Friday, February 3, 2012

Heterodox Economics

In a late December article, The Economist discussed the ways in which three non-mainstream schools of macroeconomic thought suggest handling economic crises.  The three schools were the Austrian school of economics, which counsels inhibition, seeing the short-term suffering as "an inevitable consequence of past excesses"; the neo-chartalist school, which advocates ever-increasing levels of stimulus financed by bonds, paying the bonds off by printing more paper money if necessary; and the "market monetarist" school, which suggests the central bank focus on making sure that the nominal Gross Domestic Product - as opposed to the "real" GDP, which accounts for inflation - grows at a constant rate, thereby keeping the bank's currencies and policies credible and predictable.

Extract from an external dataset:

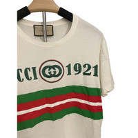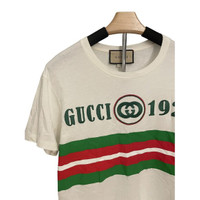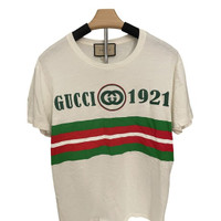 Gucci 1921 Logo White T-Shirt With Green & Red Stripes Made In Italy Short Sleev
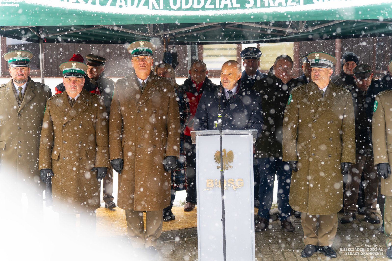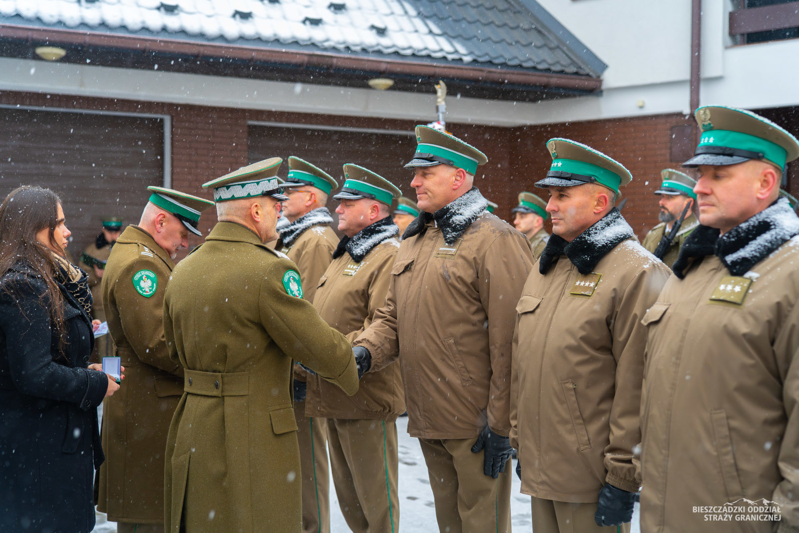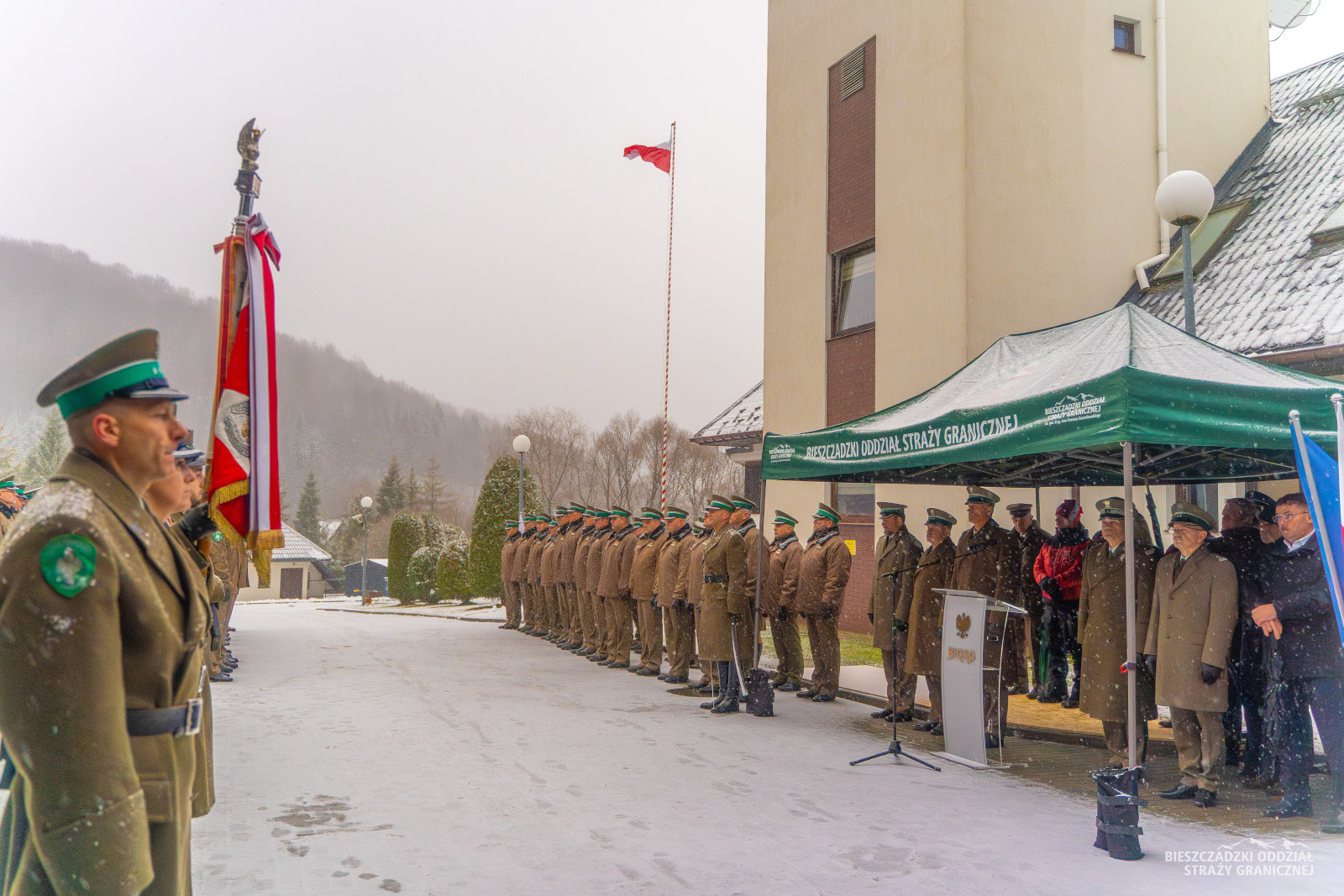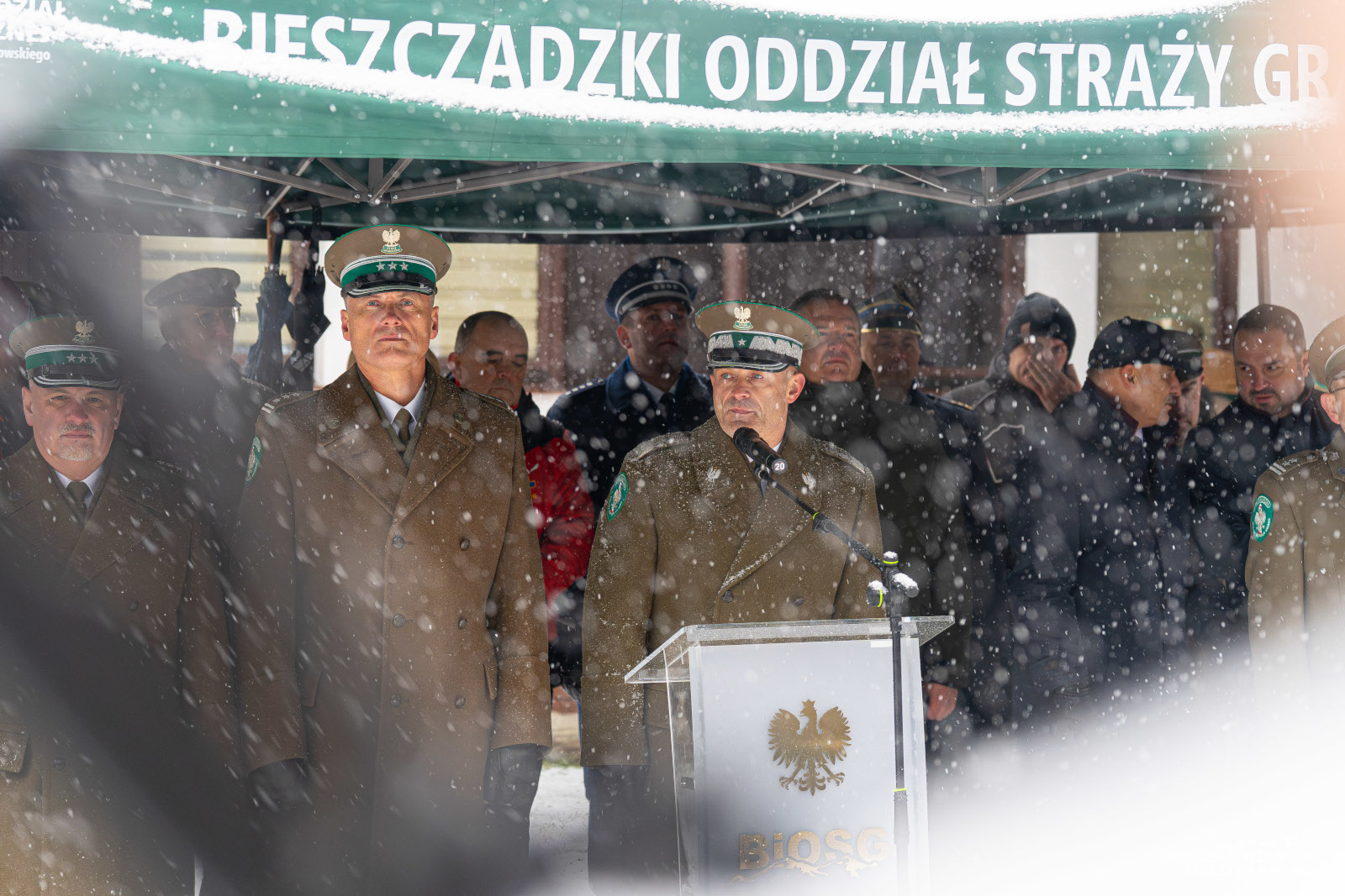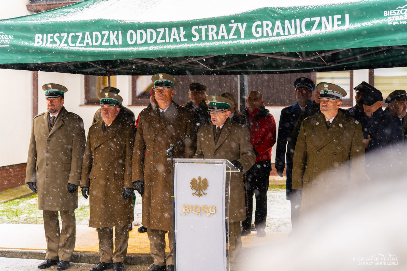 Zabierając głos, Komendant Oddziału podziękował funkcjonariuszom za ich codzienną służbę i pracę. Podkreślił, że mundurowi z tej placówki ochraniają jeden z najtrudniejszych odcinków podkarpackiej granicy państwowej. Teren malowniczy, piękny, ale bardzo wymagający. Jak zaznaczył Generał, służba w takich warunkach wymaga od funkcjonariuszy szczególnych umiejętności, w tym znajomości terenu oraz umiejętności współpracy z innymi służbami i instytucjami.

This last school of macroeconomics is particularly interesting in that it came about more or less by accident.  The idea was first espoused by Scott Sumner of Bentley University, in Waltham, Massachusetts, in his blog "The Money Illusion", started on the second of February, 2009.  One wouldn't expect a blog post by an unknown economist to induce relatively widespread change and discussion, but although Sumner was self-admittedly not a "natural blogger" his post gathered thoughtful comments and within a month was linked to and discussed by two well-known and respected blogs, from Tyler Cowen of George Mason University and Mr Paul Krugman.  From there, the theories presented by Sumner's blogpost attracted a number of other economists who had similar ideas, many of whom hadn't realized there were others who shared their thoughts.  The name of the movement, "Market Monetarism", was, itself, born from the blogosphere.

It's an interesting example of the power of networks in action; the school of thought would have taken far longer to come about through traditional methods of exchanging ideas if it ever did at all.  It's a fascinating demonstration of both the blogosphere's power to allow even relative unknowns to have their voices heard and given honest, serious thought, and the dramatic effects incoming links from highly central nodes have upon previously isolated pages.